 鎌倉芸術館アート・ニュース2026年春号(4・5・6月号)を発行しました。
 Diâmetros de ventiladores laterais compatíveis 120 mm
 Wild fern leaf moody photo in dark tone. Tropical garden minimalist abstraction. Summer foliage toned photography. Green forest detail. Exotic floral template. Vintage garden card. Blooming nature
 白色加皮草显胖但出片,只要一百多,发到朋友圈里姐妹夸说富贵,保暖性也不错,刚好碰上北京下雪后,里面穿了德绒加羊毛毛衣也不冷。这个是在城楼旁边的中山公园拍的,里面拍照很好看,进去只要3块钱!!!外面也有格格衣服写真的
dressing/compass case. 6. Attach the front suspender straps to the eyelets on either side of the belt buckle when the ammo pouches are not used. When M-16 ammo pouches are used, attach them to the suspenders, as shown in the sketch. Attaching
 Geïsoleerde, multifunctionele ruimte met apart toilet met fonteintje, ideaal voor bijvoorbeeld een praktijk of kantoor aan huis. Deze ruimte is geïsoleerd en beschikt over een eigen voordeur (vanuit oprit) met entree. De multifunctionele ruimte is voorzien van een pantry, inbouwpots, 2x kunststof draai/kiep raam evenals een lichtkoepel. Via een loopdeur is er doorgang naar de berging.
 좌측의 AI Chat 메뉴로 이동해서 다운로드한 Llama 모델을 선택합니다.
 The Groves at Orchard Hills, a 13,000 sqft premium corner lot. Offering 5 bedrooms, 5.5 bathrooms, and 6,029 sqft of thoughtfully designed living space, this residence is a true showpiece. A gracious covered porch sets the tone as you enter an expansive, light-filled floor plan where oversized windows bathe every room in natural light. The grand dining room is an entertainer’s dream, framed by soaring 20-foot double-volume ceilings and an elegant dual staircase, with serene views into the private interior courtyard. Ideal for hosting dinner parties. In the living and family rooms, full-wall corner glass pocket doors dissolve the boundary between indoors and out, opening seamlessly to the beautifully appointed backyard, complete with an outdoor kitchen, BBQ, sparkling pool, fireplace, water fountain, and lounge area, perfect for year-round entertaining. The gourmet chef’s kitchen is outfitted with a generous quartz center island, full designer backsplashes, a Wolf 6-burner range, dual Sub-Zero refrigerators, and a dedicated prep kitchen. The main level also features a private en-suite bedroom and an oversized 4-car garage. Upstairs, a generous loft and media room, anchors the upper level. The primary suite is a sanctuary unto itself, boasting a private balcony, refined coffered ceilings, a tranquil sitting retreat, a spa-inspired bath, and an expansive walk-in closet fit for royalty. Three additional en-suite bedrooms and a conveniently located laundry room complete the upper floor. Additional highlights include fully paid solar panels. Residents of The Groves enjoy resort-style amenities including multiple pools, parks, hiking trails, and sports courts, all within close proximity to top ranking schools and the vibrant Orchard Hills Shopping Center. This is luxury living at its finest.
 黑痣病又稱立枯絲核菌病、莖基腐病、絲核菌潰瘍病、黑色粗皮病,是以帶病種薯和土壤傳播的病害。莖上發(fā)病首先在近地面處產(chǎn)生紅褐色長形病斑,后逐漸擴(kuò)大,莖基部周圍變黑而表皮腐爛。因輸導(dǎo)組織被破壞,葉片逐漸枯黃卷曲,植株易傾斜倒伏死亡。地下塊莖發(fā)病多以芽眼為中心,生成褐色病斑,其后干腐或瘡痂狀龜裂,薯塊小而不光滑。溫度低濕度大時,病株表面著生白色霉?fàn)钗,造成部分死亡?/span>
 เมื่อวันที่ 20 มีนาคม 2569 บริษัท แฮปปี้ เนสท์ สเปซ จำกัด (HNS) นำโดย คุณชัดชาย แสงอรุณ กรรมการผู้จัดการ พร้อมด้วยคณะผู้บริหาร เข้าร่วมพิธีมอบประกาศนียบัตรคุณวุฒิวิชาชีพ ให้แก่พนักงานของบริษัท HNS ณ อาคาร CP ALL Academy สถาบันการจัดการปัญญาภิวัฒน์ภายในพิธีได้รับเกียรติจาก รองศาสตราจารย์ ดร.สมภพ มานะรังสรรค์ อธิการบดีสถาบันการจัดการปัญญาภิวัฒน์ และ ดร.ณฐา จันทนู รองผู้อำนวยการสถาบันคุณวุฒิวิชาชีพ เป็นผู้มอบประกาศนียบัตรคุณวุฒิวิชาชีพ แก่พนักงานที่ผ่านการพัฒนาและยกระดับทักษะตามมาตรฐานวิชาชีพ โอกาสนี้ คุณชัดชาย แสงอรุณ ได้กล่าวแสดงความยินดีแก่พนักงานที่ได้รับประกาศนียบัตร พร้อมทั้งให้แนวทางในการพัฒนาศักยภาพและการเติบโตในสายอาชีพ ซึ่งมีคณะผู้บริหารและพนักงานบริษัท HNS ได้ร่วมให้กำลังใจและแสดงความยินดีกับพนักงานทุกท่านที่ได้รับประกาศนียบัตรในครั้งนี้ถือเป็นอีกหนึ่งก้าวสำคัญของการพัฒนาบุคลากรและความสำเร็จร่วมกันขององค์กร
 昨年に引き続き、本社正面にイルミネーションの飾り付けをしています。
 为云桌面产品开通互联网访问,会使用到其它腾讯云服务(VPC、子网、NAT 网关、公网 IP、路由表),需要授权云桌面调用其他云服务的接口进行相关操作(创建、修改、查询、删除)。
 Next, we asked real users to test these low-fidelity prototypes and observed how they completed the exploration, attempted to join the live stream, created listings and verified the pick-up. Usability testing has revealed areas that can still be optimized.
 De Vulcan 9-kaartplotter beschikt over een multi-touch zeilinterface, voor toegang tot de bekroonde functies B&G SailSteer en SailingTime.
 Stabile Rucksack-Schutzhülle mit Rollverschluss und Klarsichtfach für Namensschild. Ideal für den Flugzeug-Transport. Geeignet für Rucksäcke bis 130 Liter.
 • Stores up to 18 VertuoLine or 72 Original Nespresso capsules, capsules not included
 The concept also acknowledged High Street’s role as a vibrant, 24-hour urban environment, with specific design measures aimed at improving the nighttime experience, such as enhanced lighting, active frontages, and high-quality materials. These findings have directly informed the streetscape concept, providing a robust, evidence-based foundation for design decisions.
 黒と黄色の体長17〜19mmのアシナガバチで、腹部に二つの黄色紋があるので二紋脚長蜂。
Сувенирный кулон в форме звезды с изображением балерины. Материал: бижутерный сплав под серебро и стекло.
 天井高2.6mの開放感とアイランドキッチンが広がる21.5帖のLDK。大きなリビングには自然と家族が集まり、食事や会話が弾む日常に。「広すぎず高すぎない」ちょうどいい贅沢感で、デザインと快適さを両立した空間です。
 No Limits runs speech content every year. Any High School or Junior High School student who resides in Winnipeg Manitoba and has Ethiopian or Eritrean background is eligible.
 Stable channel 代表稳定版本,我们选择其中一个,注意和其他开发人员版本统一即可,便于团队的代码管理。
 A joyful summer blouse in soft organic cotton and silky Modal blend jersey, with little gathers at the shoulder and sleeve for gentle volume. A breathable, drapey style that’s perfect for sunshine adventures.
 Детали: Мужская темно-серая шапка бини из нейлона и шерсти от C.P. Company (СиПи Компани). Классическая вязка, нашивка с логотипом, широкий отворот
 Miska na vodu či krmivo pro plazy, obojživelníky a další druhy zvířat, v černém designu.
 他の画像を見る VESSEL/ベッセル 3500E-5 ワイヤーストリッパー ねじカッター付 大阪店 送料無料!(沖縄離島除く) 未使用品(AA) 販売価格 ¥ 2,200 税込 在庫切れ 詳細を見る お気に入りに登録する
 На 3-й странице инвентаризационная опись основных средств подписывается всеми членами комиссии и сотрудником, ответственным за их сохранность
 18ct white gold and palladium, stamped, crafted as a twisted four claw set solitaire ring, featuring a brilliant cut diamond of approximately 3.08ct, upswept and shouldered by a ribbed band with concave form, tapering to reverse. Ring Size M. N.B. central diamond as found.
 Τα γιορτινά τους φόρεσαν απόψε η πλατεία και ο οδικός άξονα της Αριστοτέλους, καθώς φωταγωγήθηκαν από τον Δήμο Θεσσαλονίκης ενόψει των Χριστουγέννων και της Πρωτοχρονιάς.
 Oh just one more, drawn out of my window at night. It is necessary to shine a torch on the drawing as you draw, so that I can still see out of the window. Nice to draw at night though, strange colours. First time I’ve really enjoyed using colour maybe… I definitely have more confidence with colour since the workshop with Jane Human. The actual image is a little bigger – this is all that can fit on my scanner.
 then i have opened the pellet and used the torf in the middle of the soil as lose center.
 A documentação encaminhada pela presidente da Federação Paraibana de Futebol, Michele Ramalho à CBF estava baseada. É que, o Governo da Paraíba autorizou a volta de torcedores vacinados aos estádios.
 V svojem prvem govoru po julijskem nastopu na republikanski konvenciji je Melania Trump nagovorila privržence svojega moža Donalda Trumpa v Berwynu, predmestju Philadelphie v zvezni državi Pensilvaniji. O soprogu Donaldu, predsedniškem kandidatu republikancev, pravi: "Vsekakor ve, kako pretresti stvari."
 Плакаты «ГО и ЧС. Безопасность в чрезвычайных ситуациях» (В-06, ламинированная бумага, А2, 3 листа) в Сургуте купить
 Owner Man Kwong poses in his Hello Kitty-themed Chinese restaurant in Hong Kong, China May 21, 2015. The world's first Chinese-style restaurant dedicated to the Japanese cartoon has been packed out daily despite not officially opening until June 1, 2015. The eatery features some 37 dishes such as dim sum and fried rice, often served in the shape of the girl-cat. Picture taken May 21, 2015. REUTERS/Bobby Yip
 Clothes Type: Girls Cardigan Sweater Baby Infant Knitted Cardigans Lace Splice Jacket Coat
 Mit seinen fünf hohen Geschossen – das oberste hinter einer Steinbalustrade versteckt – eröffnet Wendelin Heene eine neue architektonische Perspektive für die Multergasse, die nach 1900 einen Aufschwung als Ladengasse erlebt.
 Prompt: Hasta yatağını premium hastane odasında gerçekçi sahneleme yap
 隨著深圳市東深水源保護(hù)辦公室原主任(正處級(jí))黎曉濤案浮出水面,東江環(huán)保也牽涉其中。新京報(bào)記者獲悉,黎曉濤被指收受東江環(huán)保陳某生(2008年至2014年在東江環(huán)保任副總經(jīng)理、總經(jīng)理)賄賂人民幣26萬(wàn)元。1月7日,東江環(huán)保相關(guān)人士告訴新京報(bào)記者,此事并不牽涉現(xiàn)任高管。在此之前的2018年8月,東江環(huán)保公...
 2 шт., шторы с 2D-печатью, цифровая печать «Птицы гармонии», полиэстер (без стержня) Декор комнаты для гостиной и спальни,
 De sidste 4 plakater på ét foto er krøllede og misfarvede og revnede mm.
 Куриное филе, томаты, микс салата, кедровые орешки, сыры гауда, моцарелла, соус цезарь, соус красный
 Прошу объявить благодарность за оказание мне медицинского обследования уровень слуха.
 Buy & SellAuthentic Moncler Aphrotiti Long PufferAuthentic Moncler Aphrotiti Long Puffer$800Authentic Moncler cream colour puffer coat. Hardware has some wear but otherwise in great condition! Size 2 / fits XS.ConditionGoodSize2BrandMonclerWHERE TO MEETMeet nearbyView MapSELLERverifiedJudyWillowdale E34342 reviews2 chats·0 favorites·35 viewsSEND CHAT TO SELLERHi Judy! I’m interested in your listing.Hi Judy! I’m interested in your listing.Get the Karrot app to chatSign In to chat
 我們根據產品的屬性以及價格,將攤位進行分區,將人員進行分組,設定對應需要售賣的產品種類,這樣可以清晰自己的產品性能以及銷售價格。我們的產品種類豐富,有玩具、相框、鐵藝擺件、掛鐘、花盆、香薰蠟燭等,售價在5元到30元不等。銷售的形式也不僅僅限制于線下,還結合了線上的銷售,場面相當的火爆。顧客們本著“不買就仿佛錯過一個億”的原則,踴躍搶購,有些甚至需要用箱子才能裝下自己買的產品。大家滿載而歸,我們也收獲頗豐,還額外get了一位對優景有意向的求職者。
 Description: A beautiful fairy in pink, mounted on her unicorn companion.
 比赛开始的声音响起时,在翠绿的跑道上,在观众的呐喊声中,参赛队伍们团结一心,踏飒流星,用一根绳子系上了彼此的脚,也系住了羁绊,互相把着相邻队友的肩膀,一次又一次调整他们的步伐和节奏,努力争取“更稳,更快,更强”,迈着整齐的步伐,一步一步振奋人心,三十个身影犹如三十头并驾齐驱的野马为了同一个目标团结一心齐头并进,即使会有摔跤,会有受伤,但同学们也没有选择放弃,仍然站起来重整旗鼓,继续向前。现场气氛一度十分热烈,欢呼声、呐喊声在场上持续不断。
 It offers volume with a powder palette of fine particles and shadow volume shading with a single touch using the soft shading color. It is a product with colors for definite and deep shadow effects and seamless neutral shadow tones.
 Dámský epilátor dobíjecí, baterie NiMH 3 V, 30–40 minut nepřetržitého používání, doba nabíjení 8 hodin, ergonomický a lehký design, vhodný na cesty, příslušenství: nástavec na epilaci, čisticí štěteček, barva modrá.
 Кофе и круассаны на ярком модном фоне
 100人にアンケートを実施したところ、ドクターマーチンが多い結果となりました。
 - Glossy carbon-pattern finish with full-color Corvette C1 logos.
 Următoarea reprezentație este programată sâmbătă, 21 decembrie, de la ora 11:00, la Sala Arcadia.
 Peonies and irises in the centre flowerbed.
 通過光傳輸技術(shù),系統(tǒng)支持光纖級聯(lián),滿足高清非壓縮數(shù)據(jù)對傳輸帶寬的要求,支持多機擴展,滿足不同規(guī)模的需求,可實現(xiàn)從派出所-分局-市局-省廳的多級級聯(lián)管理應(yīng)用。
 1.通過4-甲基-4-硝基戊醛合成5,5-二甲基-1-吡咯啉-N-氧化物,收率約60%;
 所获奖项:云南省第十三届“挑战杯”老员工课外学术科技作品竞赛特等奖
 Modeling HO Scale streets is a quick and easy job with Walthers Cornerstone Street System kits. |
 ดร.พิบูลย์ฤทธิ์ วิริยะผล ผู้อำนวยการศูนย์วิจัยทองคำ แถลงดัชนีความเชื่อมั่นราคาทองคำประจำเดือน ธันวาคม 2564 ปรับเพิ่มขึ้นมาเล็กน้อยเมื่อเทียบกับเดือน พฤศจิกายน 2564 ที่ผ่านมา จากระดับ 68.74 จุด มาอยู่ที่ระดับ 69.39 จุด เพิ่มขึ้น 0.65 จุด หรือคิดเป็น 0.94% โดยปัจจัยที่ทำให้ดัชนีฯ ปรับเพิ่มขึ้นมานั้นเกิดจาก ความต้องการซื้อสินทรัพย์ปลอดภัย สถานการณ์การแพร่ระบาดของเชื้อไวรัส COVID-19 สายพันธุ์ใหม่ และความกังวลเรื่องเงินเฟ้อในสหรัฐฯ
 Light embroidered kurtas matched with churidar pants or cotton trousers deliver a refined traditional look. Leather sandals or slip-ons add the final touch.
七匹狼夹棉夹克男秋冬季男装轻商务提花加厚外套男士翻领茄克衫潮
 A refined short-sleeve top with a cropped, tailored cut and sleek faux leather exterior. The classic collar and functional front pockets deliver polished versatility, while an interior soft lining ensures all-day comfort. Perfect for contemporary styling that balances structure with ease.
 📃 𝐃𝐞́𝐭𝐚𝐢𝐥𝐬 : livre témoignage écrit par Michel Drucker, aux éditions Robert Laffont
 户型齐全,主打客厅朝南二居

# # # # #

Aim of the exercise
Look through the entries for the string "color". Every line that has it belongs in the answer.

Task response
 It offers volume with a powder palette of fine particles and shadow volume shading with a single touch using the soft shading color. It is a product with colors for definite and deep shadow effects and seamless neutral shadow tones.
 - Glossy carbon-pattern finish with full-color Corvette C1 logos.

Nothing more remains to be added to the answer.